═════ Provided data ═════
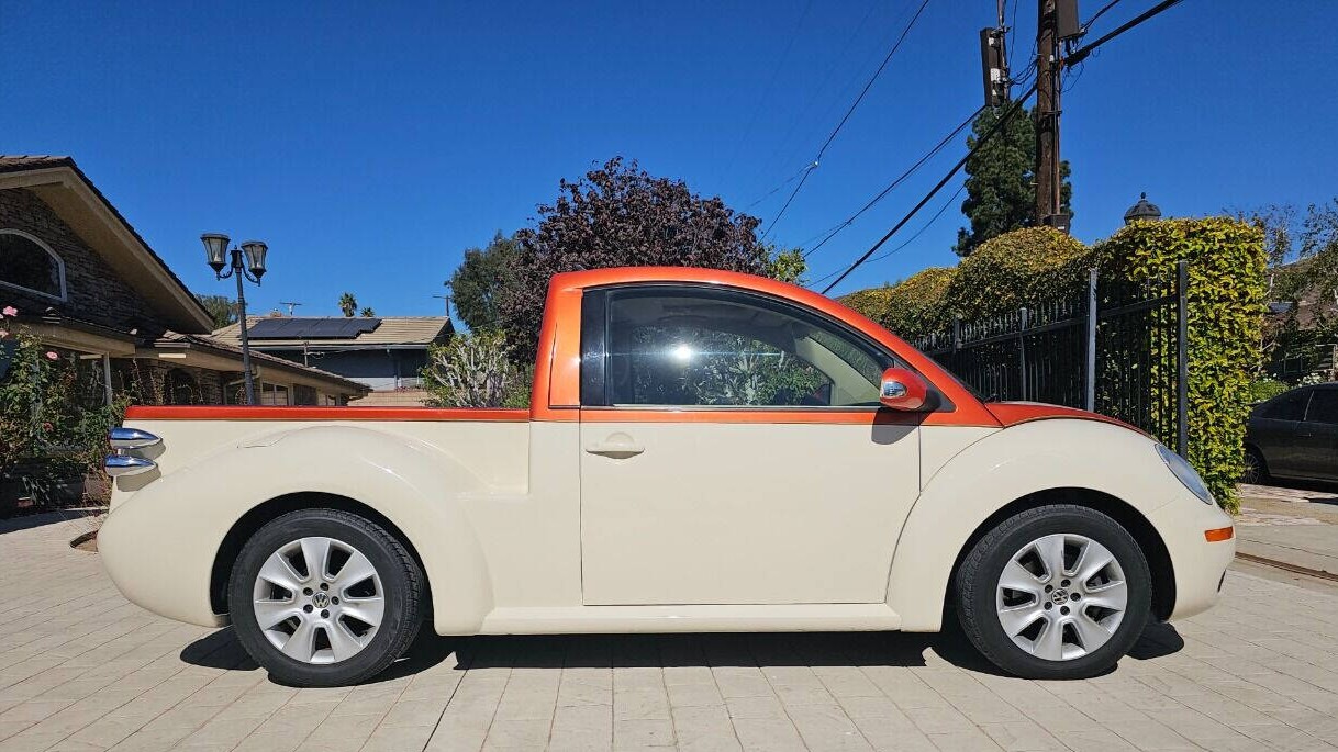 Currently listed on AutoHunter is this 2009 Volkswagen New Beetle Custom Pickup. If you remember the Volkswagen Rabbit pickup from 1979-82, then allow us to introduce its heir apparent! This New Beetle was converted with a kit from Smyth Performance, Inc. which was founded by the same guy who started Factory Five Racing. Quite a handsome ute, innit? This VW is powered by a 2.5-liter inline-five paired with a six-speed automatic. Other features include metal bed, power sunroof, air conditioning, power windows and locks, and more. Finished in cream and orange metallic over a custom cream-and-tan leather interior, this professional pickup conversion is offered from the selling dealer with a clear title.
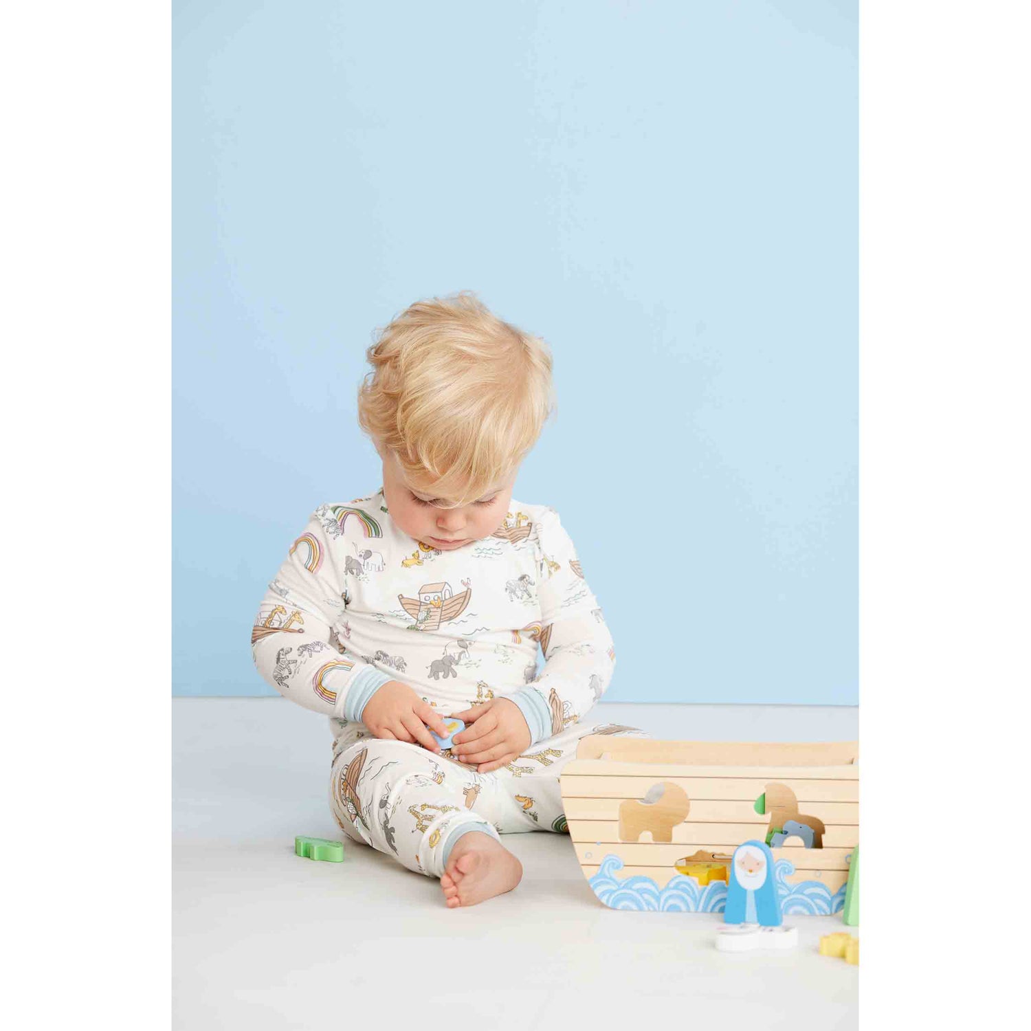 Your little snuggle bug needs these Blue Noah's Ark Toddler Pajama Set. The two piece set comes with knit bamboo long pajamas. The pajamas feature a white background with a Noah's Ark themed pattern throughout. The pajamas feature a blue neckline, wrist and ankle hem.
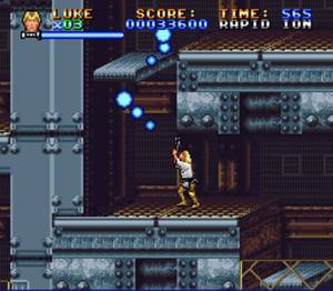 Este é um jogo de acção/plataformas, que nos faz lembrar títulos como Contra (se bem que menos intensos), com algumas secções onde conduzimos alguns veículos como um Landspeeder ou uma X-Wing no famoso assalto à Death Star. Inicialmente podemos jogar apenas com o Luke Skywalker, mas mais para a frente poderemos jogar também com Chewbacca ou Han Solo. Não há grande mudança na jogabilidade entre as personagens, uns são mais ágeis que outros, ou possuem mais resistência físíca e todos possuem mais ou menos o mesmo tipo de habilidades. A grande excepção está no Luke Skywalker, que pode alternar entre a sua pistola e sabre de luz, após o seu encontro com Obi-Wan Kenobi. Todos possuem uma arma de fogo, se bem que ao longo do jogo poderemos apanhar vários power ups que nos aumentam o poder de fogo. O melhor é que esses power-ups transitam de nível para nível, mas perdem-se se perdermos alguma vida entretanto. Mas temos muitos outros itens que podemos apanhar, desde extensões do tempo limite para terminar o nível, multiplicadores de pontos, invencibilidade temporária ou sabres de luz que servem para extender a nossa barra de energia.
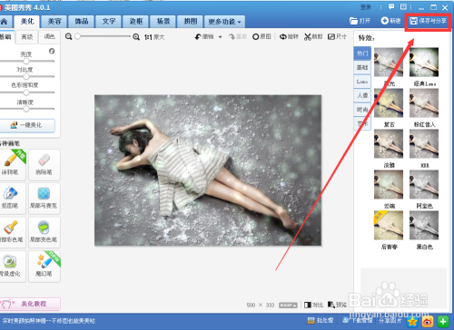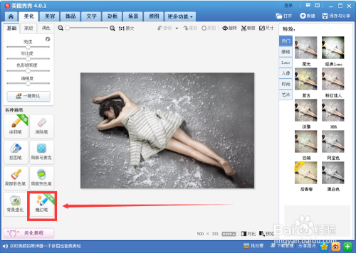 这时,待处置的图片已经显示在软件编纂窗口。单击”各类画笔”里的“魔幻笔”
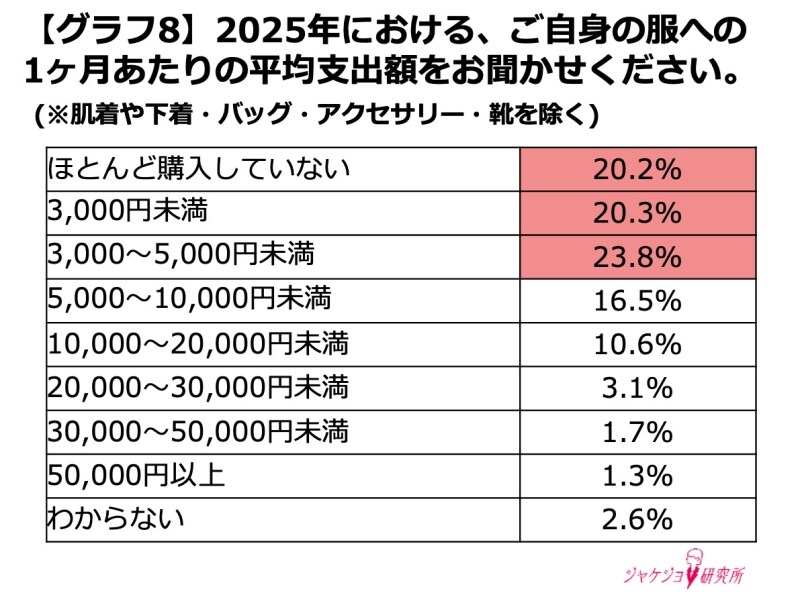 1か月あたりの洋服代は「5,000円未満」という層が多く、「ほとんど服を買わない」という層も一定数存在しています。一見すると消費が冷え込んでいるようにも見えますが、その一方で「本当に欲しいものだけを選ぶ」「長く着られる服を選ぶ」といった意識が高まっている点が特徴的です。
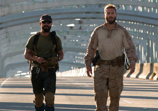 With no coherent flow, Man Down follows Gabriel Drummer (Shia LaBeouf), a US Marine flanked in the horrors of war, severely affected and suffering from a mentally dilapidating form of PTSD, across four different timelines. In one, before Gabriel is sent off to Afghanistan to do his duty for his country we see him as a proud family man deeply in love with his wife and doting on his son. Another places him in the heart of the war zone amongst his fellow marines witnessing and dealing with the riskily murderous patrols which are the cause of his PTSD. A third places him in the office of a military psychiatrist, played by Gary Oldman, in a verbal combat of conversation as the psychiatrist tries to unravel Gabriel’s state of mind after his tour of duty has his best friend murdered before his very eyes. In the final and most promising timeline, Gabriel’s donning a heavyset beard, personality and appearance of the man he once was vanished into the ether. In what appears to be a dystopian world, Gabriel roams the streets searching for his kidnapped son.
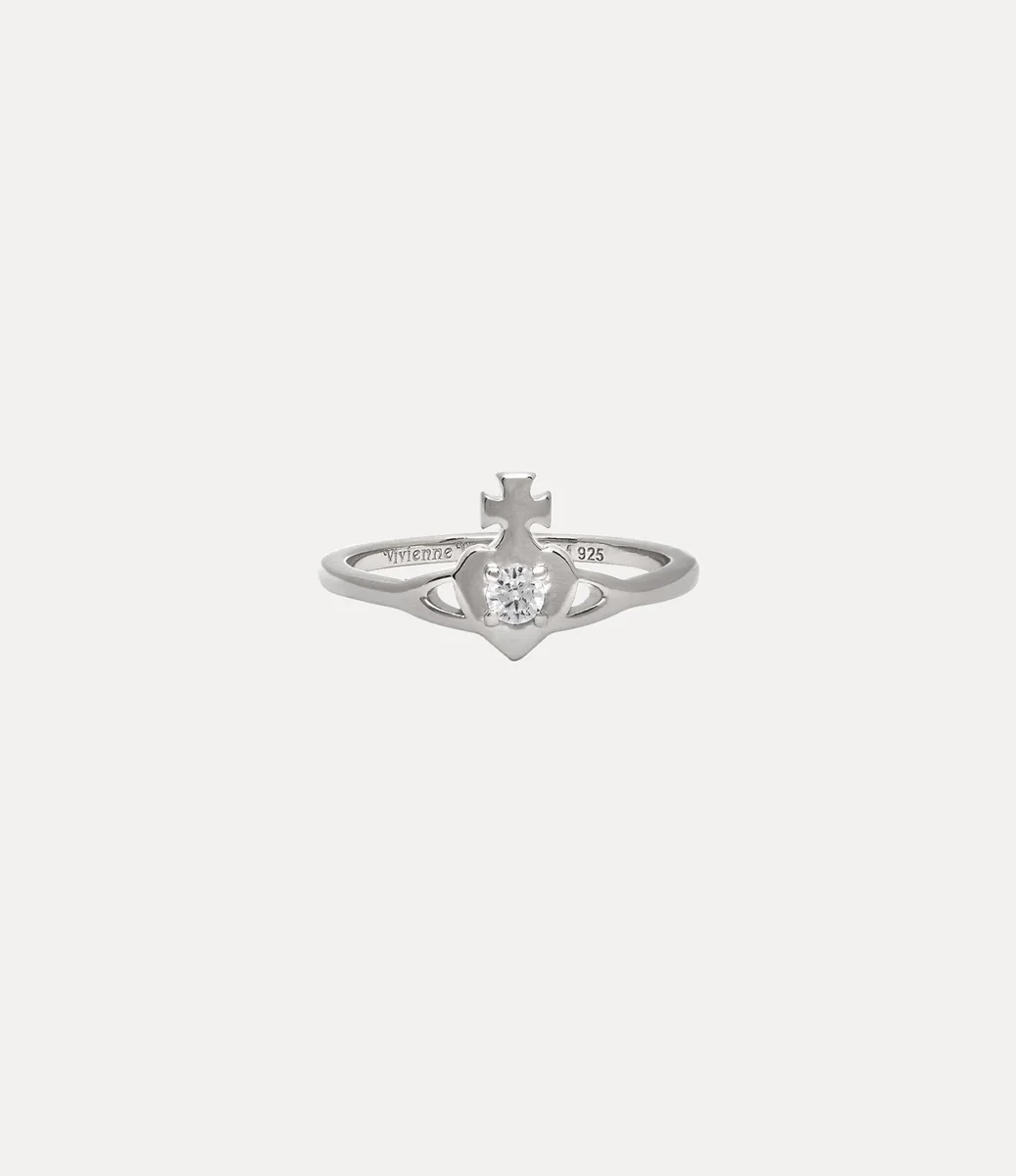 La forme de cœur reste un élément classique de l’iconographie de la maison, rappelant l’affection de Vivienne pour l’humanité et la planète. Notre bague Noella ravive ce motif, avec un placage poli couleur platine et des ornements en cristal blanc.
═════
What you return must match each record exactly and contain no images.

**Your response:**
 Currently listed on AutoHunter is this 2009 Volkswagen New Beetle Custom Pickup. If you remember the Volkswagen Rabbit pickup from 1979-82, then allow us to introduce its heir apparent! This New Beetle was converted with a kit from Smyth Performance, Inc. which was founded by the same guy who started Factory Five Racing. Quite a handsome ute, innit? This VW is powered by a 2.5-liter inline-five paired with a six-speed automatic. Other features include metal bed, power sunroof, air conditioning, power windows and locks, and more. Finished in cream and orange metallic over a custom cream-and-tan leather interior, this professional pickup conversion is offered from the selling dealer with a clear title.
 Your little snuggle bug needs these Blue Noah's Ark Toddler Pajama Set. The two piece set comes with knit bamboo long pajamas. The pajamas feature a white background with a Noah's Ark themed pattern throughout. The pajamas feature a blue neckline, wrist and ankle hem.
 Este é um jogo de acção/plataformas, que nos faz lembrar títulos como Contra (se bem que menos intensos), com algumas secções onde conduzimos alguns veículos como um Landspeeder ou uma X-Wing no famoso assalto à Death Star. Inicialmente podemos jogar apenas com o Luke Skywalker, mas mais para a frente poderemos jogar também com Chewbacca ou Han Solo. Não há grande mudança na jogabilidade entre as personagens, uns são mais ágeis que outros, ou possuem mais resistência físíca e todos possuem mais ou menos o mesmo tipo de habilidades. A grande excepção está no Luke Skywalker, que pode alternar entre a sua pistola e sabre de luz, após o seu encontro com Obi-Wan Kenobi. Todos possuem uma arma de fogo, se bem que ao longo do jogo poderemos apanhar vários power ups que nos aumentam o poder de fogo. O melhor é que esses power-ups transitam de nível para nível, mas perdem-se se perdermos alguma vida entretanto. Mas temos muitos outros itens que podemos apanhar, desde extensões do tempo limite para terminar o nível, multiplicadores de pontos, invencibilidade temporária ou sabres de luz que servem para extender a nossa barra de energia.
 这时,待处置的图片已经显示在软件编纂窗口。单击”各类画笔”里的“魔幻笔”
 1か月あたりの洋服代は「5,000円未満」という層が多く、「ほとんど服を買わない」という層も一定数存在しています。一見すると消費が冷え込んでいるようにも見えますが、その一方で「本当に欲しいものだけを選ぶ」「長く着られる服を選ぶ」といった意識が高まっている点が特徴的です。
 With no coherent flow, Man Down follows Gabriel Drummer (Shia LaBeouf), a US Marine flanked in the horrors of war, severely affected and suffering from a mentally dilapidating form of PTSD, across four different timelines. In one, before Gabriel is sent off to Afghanistan to do his duty for his country we see him as a proud family man deeply in love with his wife and doting on his son. Another places him in the heart of the war zone amongst his fellow marines witnessing and dealing with the riskily murderous patrols which are the cause of his PTSD. A third places him in the office of a military psychiatrist, played by Gary Oldman, in a verbal combat of conversation as the psychiatrist tries to unravel Gabriel’s state of mind after his tour of duty has his best friend murdered before his very eyes. In the final and most promising timeline, Gabriel’s donning a heavyset beard, personality and appearance of the man he once was vanished into the ether. In what appears to be a dystopian world, Gabriel roams the streets searching for his kidnapped son.
 La forme de cœur reste un élément classique de l’iconographie de la maison, rappelant l’affection de Vivienne pour l’humanité et la planète. Notre bague Noella ravive ce motif, avec un placage poli couleur platine et des ornements en cristal blanc.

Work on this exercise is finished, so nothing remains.